Principal researcher: Eugenia Roussou

Research group: Circulation and Place-Making


Keywords

Transnational religiosity | Religious pluralism | New spirituality | Alternative healing | Spiritual creativity

Funding Institution

Fundação para a Ciência e Tecnologia (FCT)

State

Closed

Start date

01-09-2018

End date

31-08-2024

Reference

DL 57/2016/CP1349/CT0006


Abstract

This project explores the diverse and pluralised ways in which contemporary religiosity is understood, expressed and practised in a southern European sociocultural context that has been affected significantly by socioeconomic and political challenges and transnational flows in recent years. Emphasis is placed on the transnational character of everyday religious practice in the two main southern European countries under comparative research focus, namely Greece and Portugal, where seemingly deviating religio-spiritual phenomena, which range from the New Age movement to Kardecian Spiritism and from (neo)shamanism to alternative healing, are able to interact with each other, amalgamate and produce novel (trans)form(ation)s of spiritual performativity, agency and practice.

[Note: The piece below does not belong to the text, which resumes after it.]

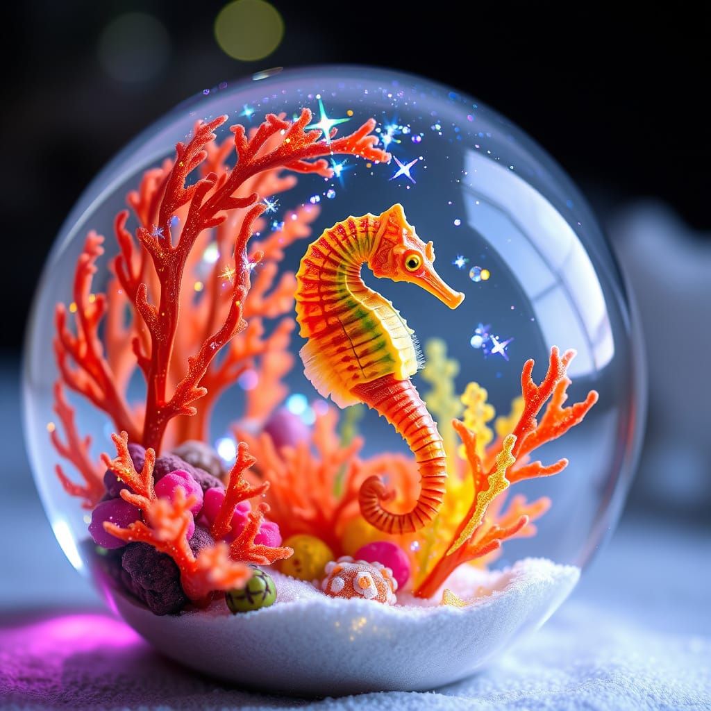 A vibrant seahorse swims among glowing coral inside a glass orb. This image captures a fantastical underwater scene with luminescent flora, resembling a snowglobe.

The main goals of the project are to examine the everyday creative encounters among these different religio-spiritual ‘traditions’; to follow their fluid and complex mobilities, circulations, crossroads, pathways and even dead-ends; and to demonstrate ethnographically and analytically how these ‘traditions’ can escape their national and/or ethnic boundaries and connotations (for example, ‘Greek Orthodoxy’, ‘Portuguese Catholicism’, ‘Brazilian Spiritism’, ‘Mexican shamanism’) and instead be approached as belonging to a contemporary religiosity with a globalised, multicultural and trans/national character.